It started with a ten mile wide crater.
ugust 14, 2026. Mashhad, Iran.
The prime minister's hydroelectric limousine slowed as it approached the Tabarsi Street gate of the Imam Reza shrine. Keeping a promise she made to the cabinet yesterday, this would be her final stop before driving over to the national parliament building. None of the shrine's custodians knew she was coming.
Her address to parliament would come later that day, a speech that will mark the end of its special session and a new beginning for the Republic of Iran. Now her thoughts turned to the first leader of the country's last form of government which dissolved literally in flames twenty years ago.
Under the Great Concession, as it is known today, the former theocracy's highest leaders whose graves were in what was once the nation's capital are deemed buried in a thickly lead-lined vault within the shrine. The lead is necessary to protect pilgrims from the highly radioactive soil sample taken from a spot near the center of an extremely large blast crater that used to be the heart of Tehran. That and the relatively smaller craters surrounding it are not only visible from earth orbit, but can even be seen through any low powered telescope from the Taurus-Littrow settlements on the moon.
But the Great Concession's main feature, its opening portion that comprises nearly the whole document, is why she is addressing parliament in this city, just as each of her predecessors had ever since the old republic's surviving leaders signed it. Except she knows this will be the last time any prime minister does so here. Under that portion, formally titled "Articles of Unconditional Surrender," the city that has served as the country's provisional capital for nearly two decades will no longer house the many agencies charged with rebuilding Iran and firmly establishing a freely democratic nation. Most have already relocated to Qom. After today's decision by parliament the rest will move there too. In accordance with the last of those articles' requirements, Iran is finally going to have a permanent capital again.

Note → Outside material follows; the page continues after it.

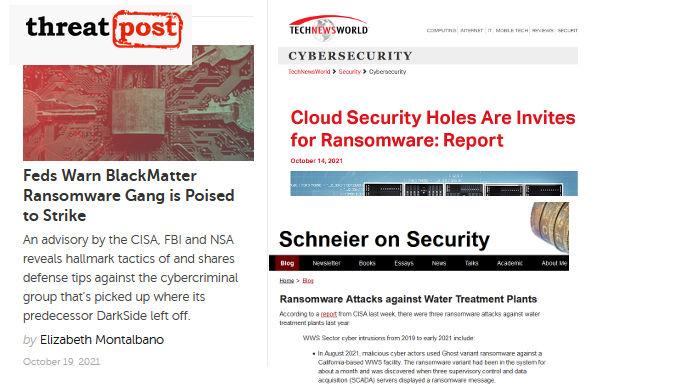 The third article is at Schneier on Security: Ransomware Attacks against Water treatment Plants

As the prime minister entered the shrine she felt the ironies of her private pilgrimage even more palpably. When she was a little girl she would often visit the Supreme Leader's grave in Tehran. Even then she wondered about the obvious haste that went into its construction. Why had the makeshift edifice not been replaced? It would be soon, one of the holy men told her. A great center of learning, seminary, shopping malls, all covering over five thousand acres, were planned. The older she grew the less frequent her visits became. But each time she would ask, when will the construction begin? Soon. Why has it not? No one could tell her. Even during her last visit, right before her eighteenth birthday, she asked. But by then no one needed to tell her why or when. She had figured it out herself.
Soon afterwards the bombs fell.
Today she felt like that little girl again, visiting the grave of a leader who died the year she was born. At last it has gotten its new edifice. Not the one any of those holy men dared imagine — a symbolic handful of untouchable soil encased in lead, 450 miles away. A new capital is being constructed as well, close to where that leader first settled after returning from exile to change an entire nation, a nation whose people "do not use this term, 'democratic.'" Except she knows this time the change will be for the better.
On her way to the parliament building the prime minister looked over her speech one last time. The word "democratic" appears in it twenty times.